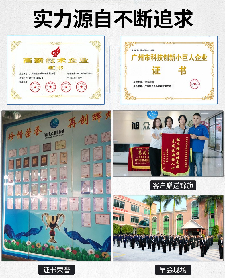 廣州旭眾食品機(jī)械有限公司是一家集科研開發(fā),生產(chǎn)設(shè)計,營銷服務(wù)為一體的現(xiàn)代化生產(chǎn)企業(yè)?,F(xiàn)代化生產(chǎn)車間,精湛制造技術(shù),所產(chǎn)機(jī)械歷經(jīng)市場重重考驗,不斷贏得海內(nèi)外客戶的贊譽。
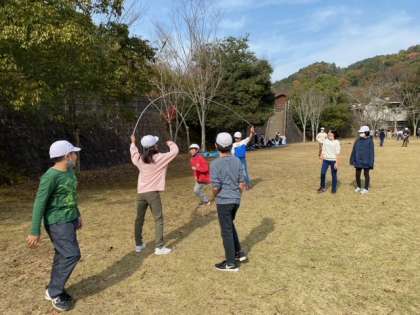 桜の広場で鬼ごっこや縄跳びなどをして遊んでいます!
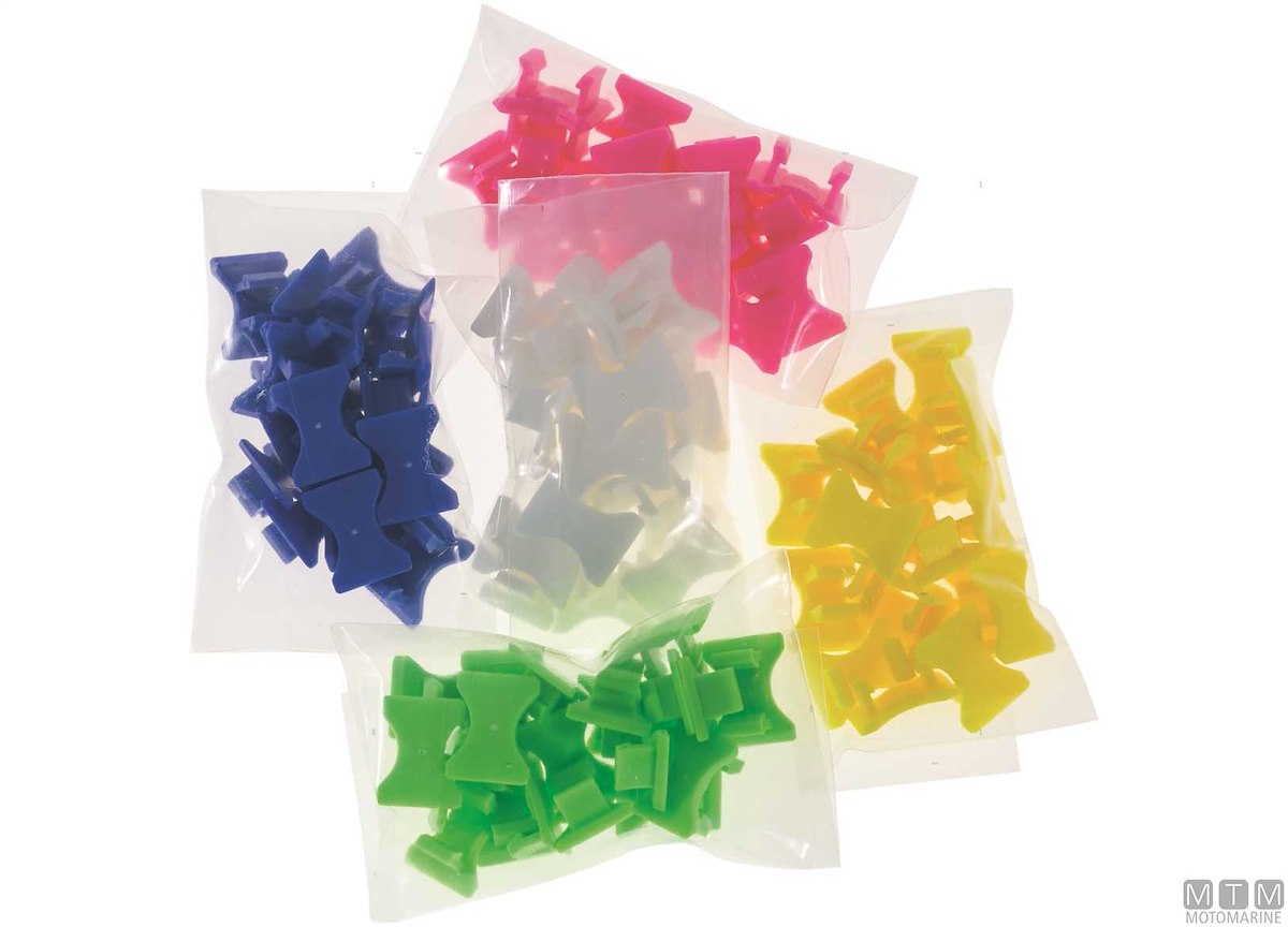 Segna catena in polimero antiurto appositamente progettato per uso marino. Si usano per marcare le varie lunghezze della catena. Montaggio semplice con sistema a incastro: una volta inseriti nella maglia non cadono più. Confezione da 50 pezzi, 10 pezzi per ognuno dei 5 colori.
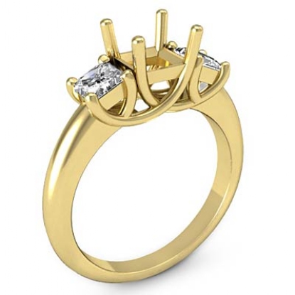 Diamond 3 Stone Engagement Ring in Criss Cross Prong Setting made in 18k Gold Yellow for Princess Cut in a Semi Mount. (0.8Ct. tw.)
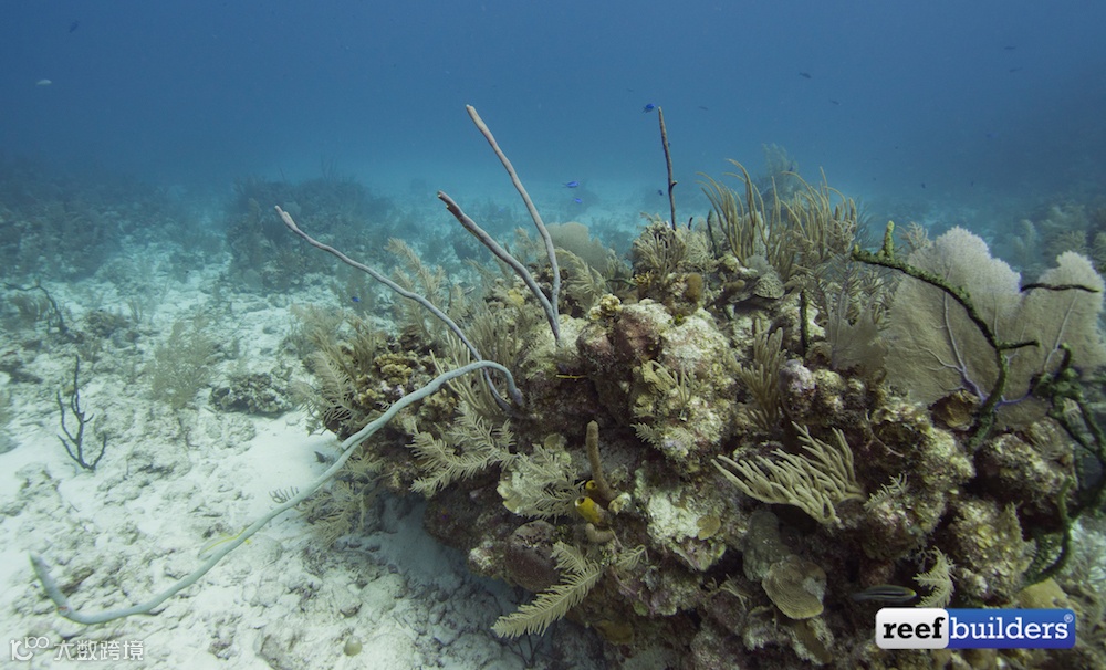 图为被环状珊瑚、沟珊瑚、海扇和柳珊瑚覆盖的岩石

================

Exercise goal
Extract only the lines from the one that contains "Diamond 3 Stone" through the end of the records, inclusive, and omit every picture.

Written response
 Diamond 3 Stone Engagement Ring in Criss Cross Prong Setting made in 18k Gold Yellow for Princess Cut in a Semi Mount. (0.8Ct. tw.)
 图为被环状珊瑚、沟珊瑚、海扇和柳珊瑚覆盖的岩石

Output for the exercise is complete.